Team leader discord ID- Atri#2832

Inspiration:

Our inspiration for the project comes from the idea of doing something for the endangered animal species of Florida that helps to conserve them. Florida is home to quite some species native to it, and many of them face the danger of extinction. Some of those species are Florida panthers, Key deers, Manatees, Sea turtles, Alligators, and a few more. We wanted to make a computer vision model that can detect the sightings of these animals wherever they are found so that it can be used to take conservatory measures to save them.

What it does:

Our trained model can be used to detect 5 endangered species (for now), Florida panthers, Alligators, Manatees, Key deers, and Florida sea turtles.

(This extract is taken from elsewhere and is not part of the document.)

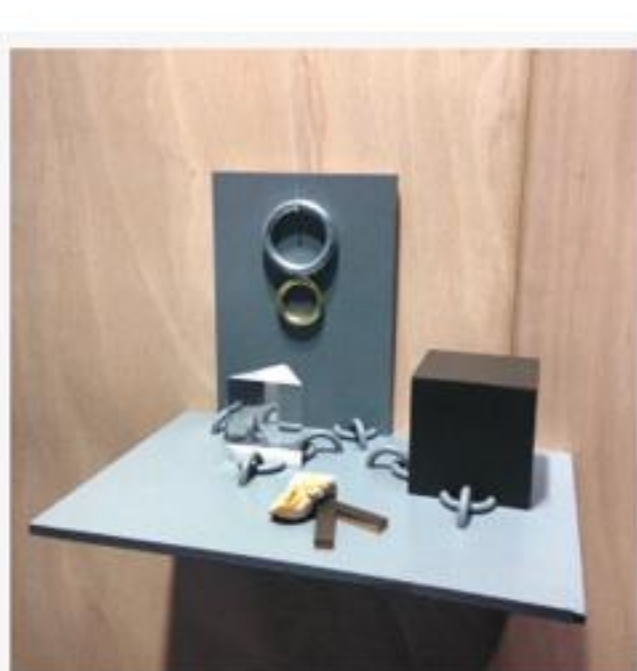
Irène Karabayinga, « Untitled (Set up#4) »

Un exemple parmi d'autres qui caractérise un accrochage où « les pièces dialoguent », comme tient à le souligner Laure Wauters. Une nécessité, ce « dialogue » pour qu'au-delà de formats, médiums, propos très divers, les oeuvres soient mises en valeur et s'offrent au visiteur comme un champ des possibles, dans une confrontation signifiante mais paisible qui laisse aussi à celui qui les regarde sa liberté d'interprétation. Et c'est réussi.

It takes images or video footage as its input and finds if there are any of the 5 species in it and detects them with a rectangular box around it and saves the output.

How we built it:

We used YOLO version 5 architecture for training our object model. YOLO is the most popular algorithm for object detection so it was a natural choice. We had to collect the dataset to train our model and since we didn't find a public dataset for our requirements we collected our own database of close to 1000 images and annotated them. We used this dataset to train our model in Google Colab GPU and were able to get good accuracy. Other technologies used in this project are Roboflow, Python, Pytorch, OpenCV, Numpy, and a few others mentioned in the requirements file in our repo.

Challenges we ran into:

Finding a good dataset was a huge challenge so we had to make our own dataset and make annotation labeling ourselves. Finding a GPU to train the model was also challenging as we ran into a lot of problems but were able to get everything done with Colab.

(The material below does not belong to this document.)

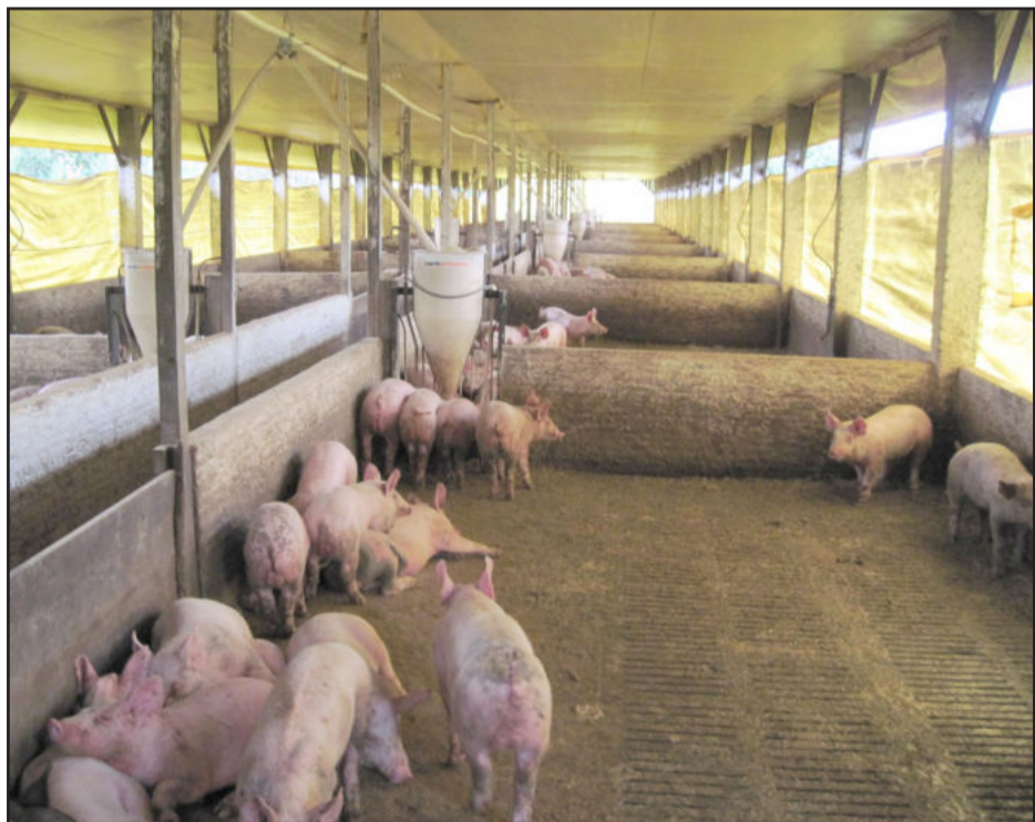
Propriedade dos Schulte localiza-se na Linha Geraldo, interior de Estrela

Accomplishments that we're proud of:

That we were able to get good accuracy and confidence scores on the output and we are trying to address a problem that Florida faces which is the extinction of its endangered species.

What we learned;

We learned a lot about Computer Vision and Object detection models. Using Git for collaboratively working together virtually and about using free GPU resources. How to build good datasets for Computer vision models. Finally, some good teamwork lessons.

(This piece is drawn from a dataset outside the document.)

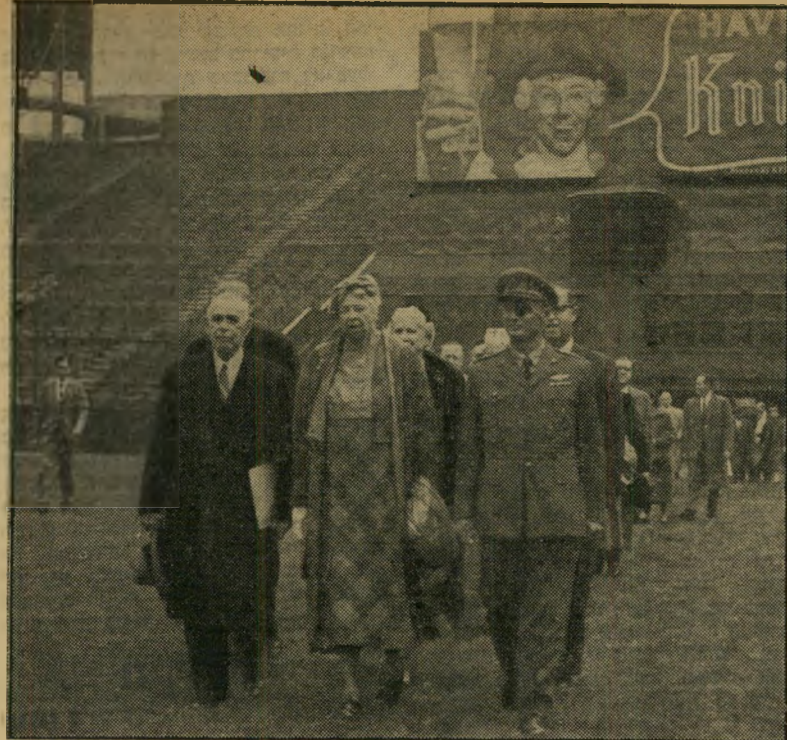
מיצער העשור בניו יורק . באיצטדיון הפולו בניו יורק, התכנסו 40 אלף איש — ברובם המכריע יהודים — לחוג את יום העצמאות העשירי של ישראל. את המיצעד פתחו תזמור רות של ארגוני משוחררי המלחמות, ארגונים ציוניים ומקהלת אוניברסיטת ברנדייס. אחריהם צעדו אורחי הכבוד. בתמונה בר'אלוף משה דיין, אלמנת הנשיא לשעבר אליאנור רוזבלט והסנאטור היהודי הרב הראש ליהמן. מאחורי דיין צועד שגריר ישראל אבא אבן.

What's next for Swamp Vision:

It has a lot of scope. The data obtained as a result can be used to create a database and store information about animal sightings, their location , time and the count of animals and use these details to take conservatory measures by lets say the wildlife conservation authorities. This is something we couldn't add in our project now due to time crunch. We can also have web application that the authorities can use to maintain and access this data and also some educational content can be made public for the users on the same website.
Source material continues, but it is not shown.